Chronique

Gianni Lenoci & Francesco Forges

Never

Gianni Lenoci (p), Francesco Forges (fl, voc)

Label / Distribution : Le Petit Label

On se souvient que les Normands du Petit Label avaient exhumé, sept ans après son enregistrement, une rencontre entre le chanteur et flûtiste Francesco Forges et le pianiste Gianni Lenoci autour de poèmes et d’improvisations. Au fond de la nuit était un disque étrange, obsessionnel, marqué par les climats crépusculaires où les ombres se confondent et prennent goût pour la mise en scène. Ces Italiens, discrets créateurs aux collaborations prestigieuses, notamment Lenoci qui a travaillé avec Joëlle Léandre et Paul Bley, reviennent sur le même label avec Never, capté en 2012 par les élèves ingénieurs du son de la Scala de Milan. Peu importe les dates. Elles n’ont pas de prise sur le lyrisme ténébreux qui ponctue la musicalité des syllabes.
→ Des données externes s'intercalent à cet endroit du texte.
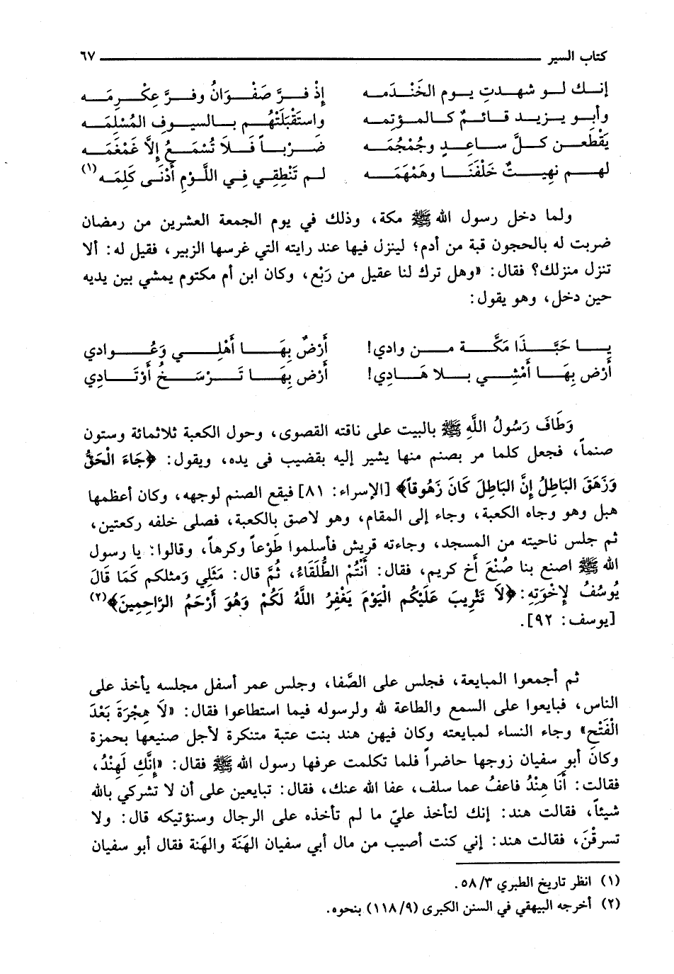 ثُمَّ أَجْمَعُوا الْمُبَايَعَةَ، فَجَلَسَ عَلَى الصَّفَا، وَجَلَسَ عُمَرُ أَسْفَلَ مَجْلِسِهِ يَأْخُذُ عَلَى النَّاسِ، فَبَايَعُوا عَلَى السَّمْعِ وَالطَّاعَةِ لِلَّهِ وَلِرَسُولِهِ فِيمَا اسْتَطَاعُوا فَقَالَ: " لَا هِجْرَةَ بَعْدَ الْفَتْحِ " وَجَاءَ النِّسَاءُ لِمُبَايَعَتِهِ وَكَانَ فِيهِنَّ هِنْدُ بِنْتُ عُتْبَةَ مُتَنَكِّرَةً لِأَجْلِ صَنِيعِهَا بِحَمْزَةَ وَكَانَ أَبُو سُفْيَانَ زَوْجُهَا حَاضِرًا فَلَمَّا تَكَلَّمَتْ عَرَفَهَا رَسُولُ اللَّهِ - صَلَّى اللَّهُ عَلَيْهِ وَسَلَّم َ - فَقَالَ: " إِنَّكِ لَهِنْدُ فَقَالَتْ: أَنَا هِنْدُ فَاعْفُ عَمَّا سَلَفَ، عَفَا اللَّهُ عَنْكَ، فَقَالَ: تُبَايِعِينَ عَلَى أَنْ لَا تُشْرِكِي بِاللَّهِ شَيْئًا، فَقَالَتْ هِنْدُ: إِنَّكَ لَتَأْخُذُ عَلَيَّ مَا لَمْ تَأْخُذْهُ عَلَى الرِّجَالِ وَسَنُؤْتِيكَهُ قَالَ: وَلَا تَسْرِقْنَ، فَقَالَتْ هِنْدُ: إِنِّي كُنْتُ أُصِيبُ مِنْ مَالِ أَبِي سُفْيَانَ الْهَنَّةَ وَالْهَنَّةَ فَقَالَ أَبُو سُفْيَانَ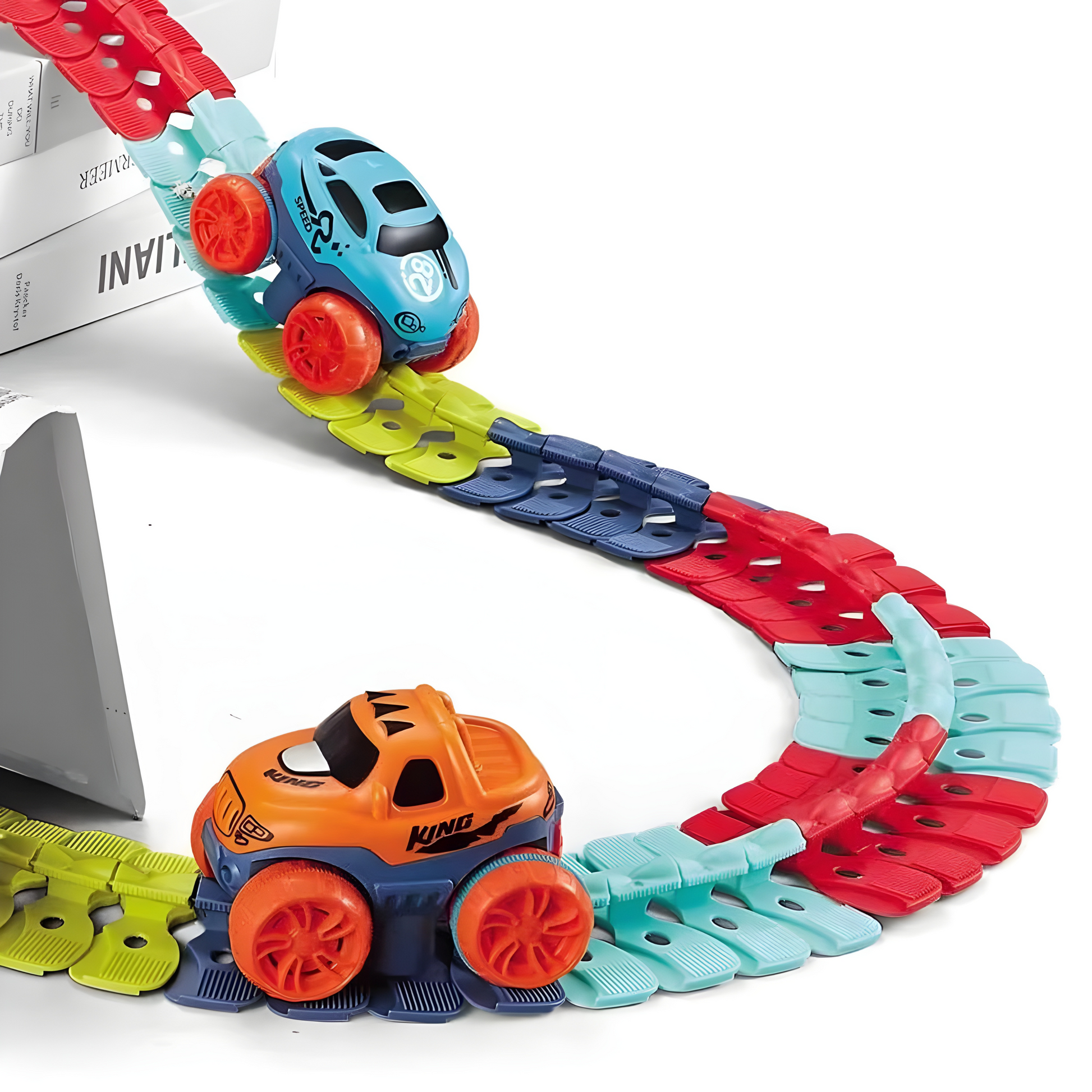 Ranging from 46 to 184 flexible pieces, kids can design and redesign tracks endlessly from loops to twists, with our Changeable Race Track Set.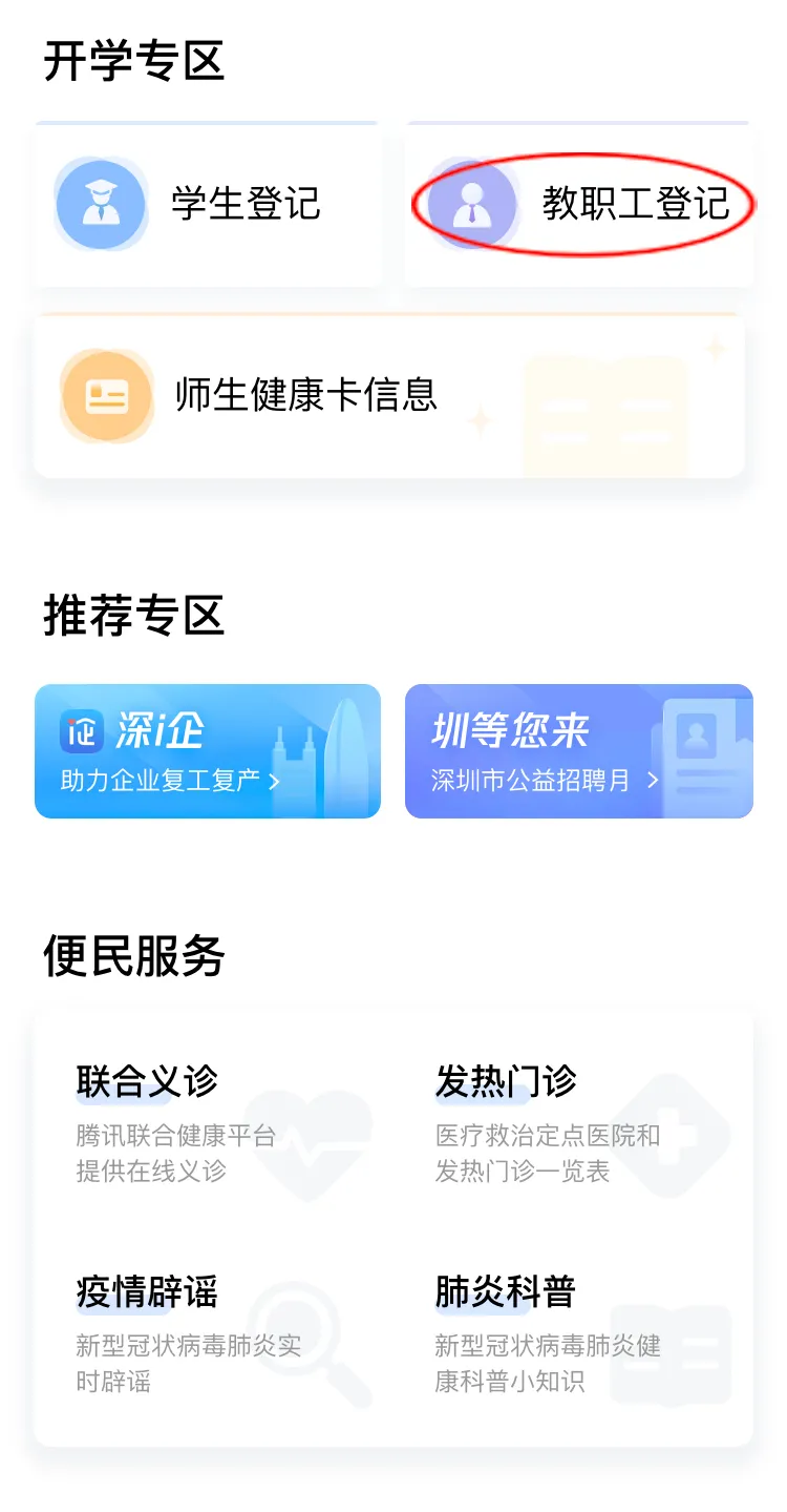 在開學(xué)專區(qū),點(diǎn)擊“教職工登記”進(jìn)行自主申報(bào)和實(shí)名認(rèn)證。

Car il s’agit de mots, principalement. La flûte de Forges est peu présente, à l’exception de cet émouvant hommage à la chanteuse Lhasa (« Il neige sur Lhasa »). Dans ce morceau final, le souffle sanglote comme des bribes de mots, à peine ébranlé par les tintements du piano lointain qui semble sonner le glas. C’est l’illustration de la grande théâtralité qui accompagne chacun des titres, à l’instar de ce troublant « Never », poème de Claire Barliant où l’amusement premier se transforme en un ricanement inquiet, à mesure que le piano se fait insistant. Si Forges donne aux textes une lecture où la limite entre l’angoisse et la fascination est parfois très ténue, c’est bien Lenoci qui en choisit le climat. En témoigne le chaleureux « Goodbye », jolie ballade mélancolique où tout est doux alentour ; un sentiment qui se répétera sur « All my Life », composition d’Ornette Coleman.

Mais c’est bien sur les textes en italien que le duo s’arme de la plus belle inspiration. « Alì dagli occhi azzurri », magnifique oeuvre de Pasolini où la flûte ne sert qu’à appuyer une scansion pleine de rythmes rageurs, en est le sommet qui mérite à lui seul qu’on s’intéresse à cet album. Libéré par l’usage de la langue maternelle, Lenoci se fait explosif et pousse son compagnon dans des retranchements qui habitent absolument le texte (« Di la dal ponte de la ferrovia » de Pagliarani). Never est un disque brut, où l’électronique du précédent album a disparu pour ne laisser qu’une vraie délicatesse, franchement séduisante.